An Efficient Subgraph-Inferring Framework for Large-Scale Heterogeneous Graphs

Authors: Wei Zhou, Hong Huang, Ruize Shi, Kehan Yin, Hai Jin

AAAI 2024 | Conference PDF | Archive PDF | Plain Text | LLM Run Details

Reproducibility Variable Result LLM Response
Research Type Experimental Experiments on five benchmark datasets demonstrate that Sub Infer effectively optimizes the training and inferring phase, delivering comparable performance to traditional HGNN models while significantly reducing time and memory overhead.
Researcher Affiliation Academia Wei Zhou, Hong Huang*, Ruize Shi, Kehan Yin, Hai Jin National Engineering Research Center for Big Data Technology and System Services Computing Technology and System Lab, Cluster and Grid Computing Lab School of Computer Science and Technology, Huazhong University of Science and Technology, Wuhan, 430074, China {weizhou2021, honghuang, rzshi, kehanyin, hjin}@hust.edu.cn
Pseudocode Yes (The complete allocation process is shown in Supplementary materials3 Algorithm 1).
Open Source Code Yes 3https://github.com/CGCL-codes/Sub Infer
Open Datasets Yes To validate the performance and efficiency of our framework, we train both our framework (Sub Infer) with the baseline on five benchmark datasets: Ogbn-mag (Wang et al. 2020a), DBLP (Yang et al. 2022), Pub Med (Yang et al. 2022), Yelp (Yang et al. 2022) and Freebase(Lv et al. 2021).

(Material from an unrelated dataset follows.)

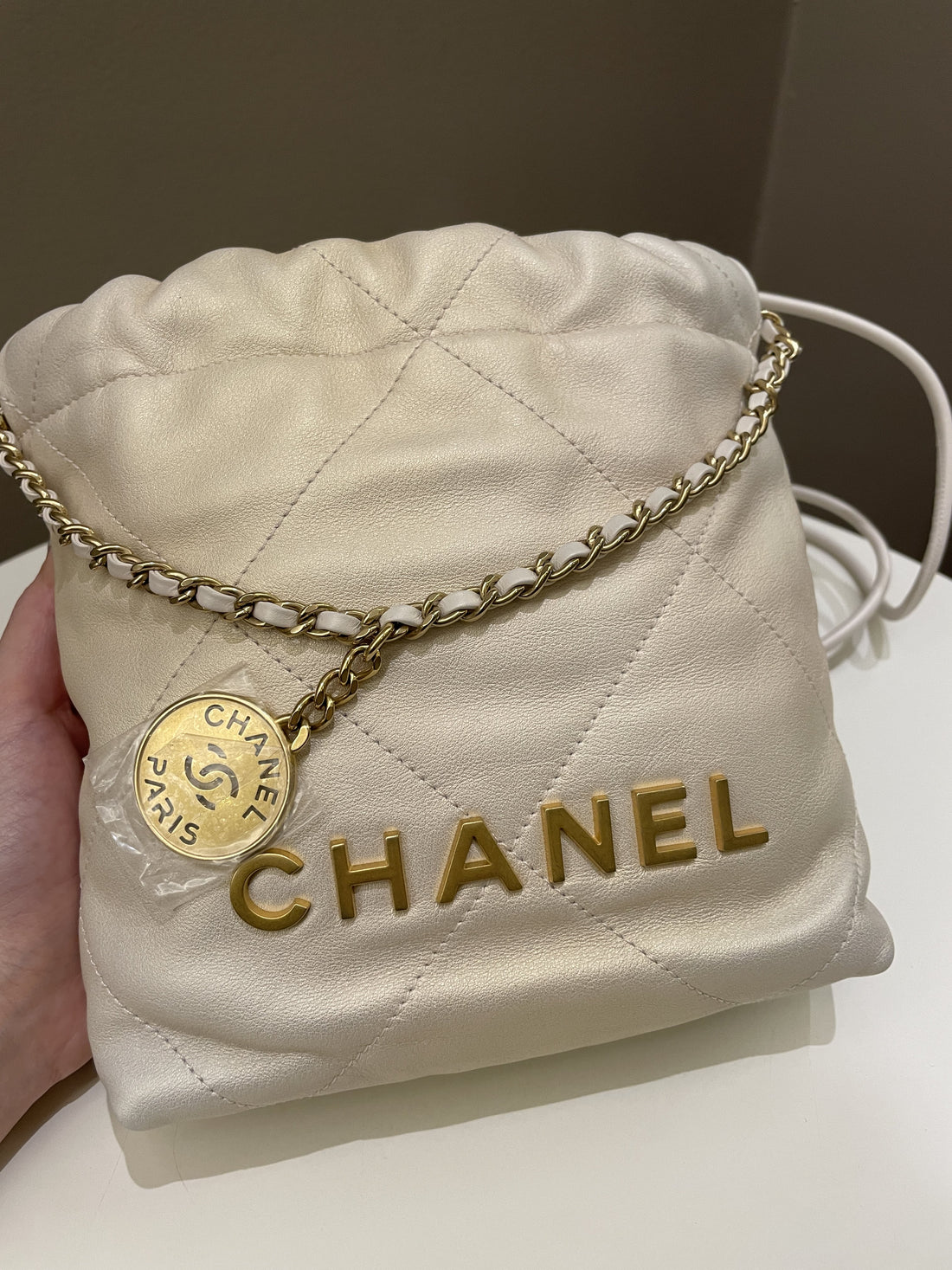 Chanel 23S Mini 22 Iridescent Ecru Calfskin

Dataset Splits Yes Finally, in the inferring stage, we collect the output results of all nodes to the master node for processing and verify the performance of the model on the validation set and test set.

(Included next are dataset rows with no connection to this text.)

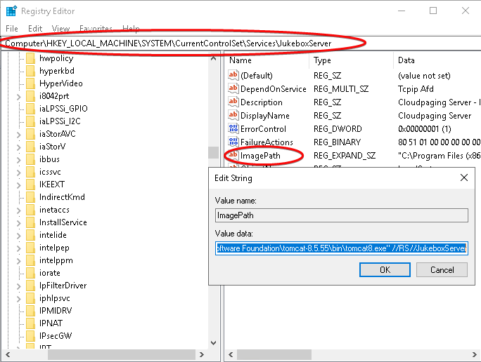 Then, navigate to the following registry key and edit the value below: HKEY_LOCAL_MACHINE\SYSTEM\CurrentControlSet\Services\JukeboxServer
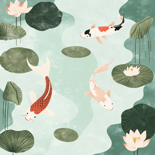 Create a flowing design of stylized Japanese gardens, with subtle hints of water lilies, koi fish, and lotus flowers. Use organic, abstract shapes in soft pastel hues like pale greens, pinks, and blues, evoking a tranquil, minimal aesthetic
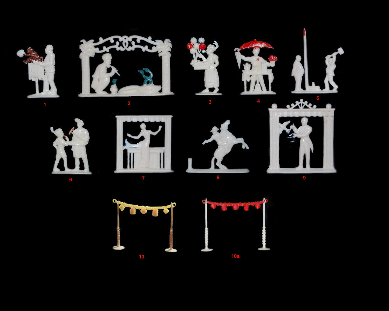 German series of 10 figures. 2 Chinese lanterns counting for one reference. These last ones are very difficult to find.

Hardware Specification No The paper mentions 'distributed clusters' and 'distributed nodes' but does not specify any particular hardware models (e.g., GPU/CPU models, memory).

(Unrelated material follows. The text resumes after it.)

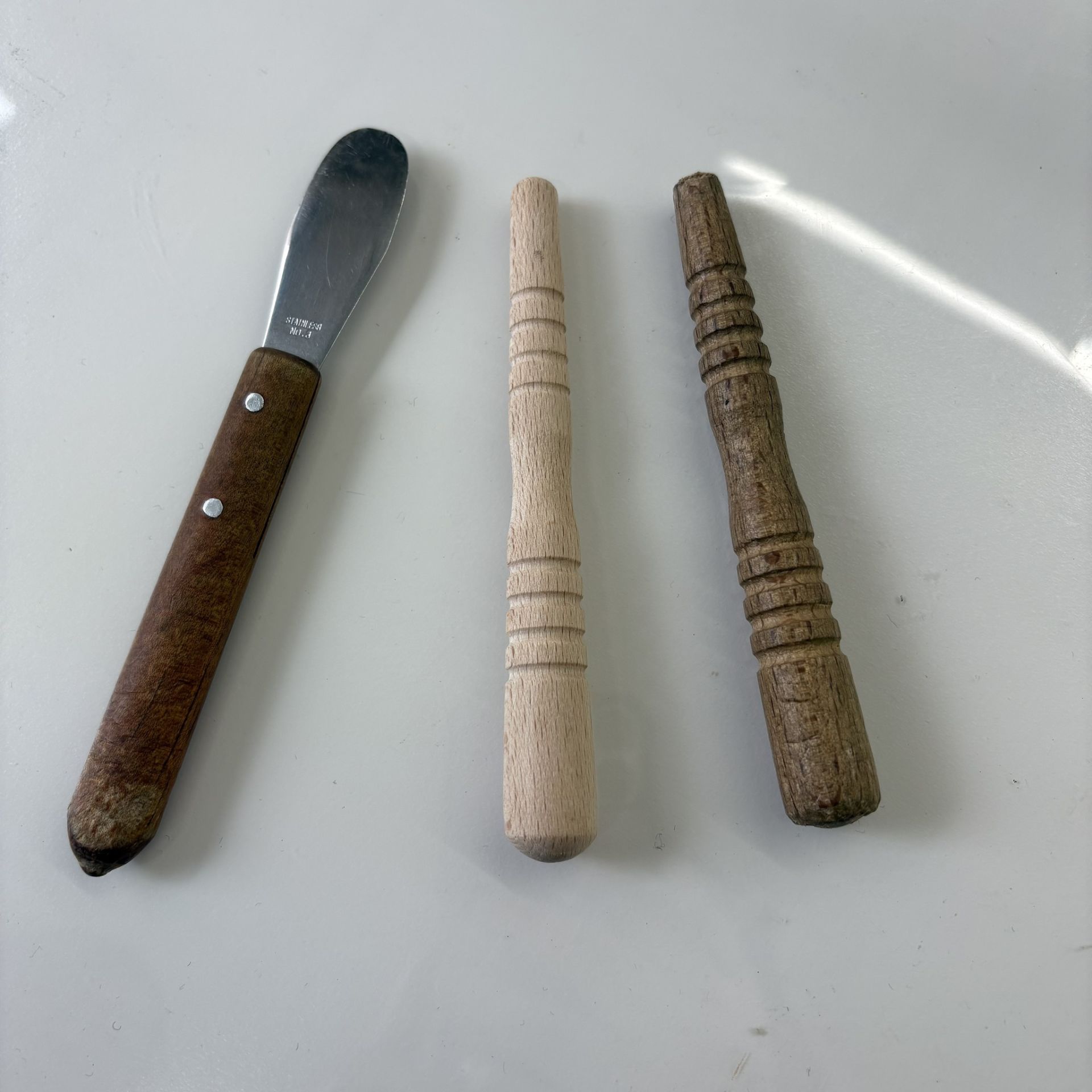 左が自分で加工したヘラで、右が理想の形を追求したらツボ押し棒がピッタリだったという工具!

Software Dependencies No The paper mentions tools like 'Metis (Karypis and Kumar 1998)' and 'Louvain (Blondel et al. 2008)' but does not provide specific version numbers for any software dependencies.
Experiment Setup Yes The paper includes a 'Hyper-parameter Study' section that discusses and presents specific values for hyperparameters like 'ϱ' (number of subgraphs, e.g., p=100, p=200), 'σ' (ratio of global information, e.g., sigma=0.02), and 'α' (masking ratio, e.g., alpha=0.1). While it also mentions details in supplementary materials, these specific parameters and their values are discussed in the main text.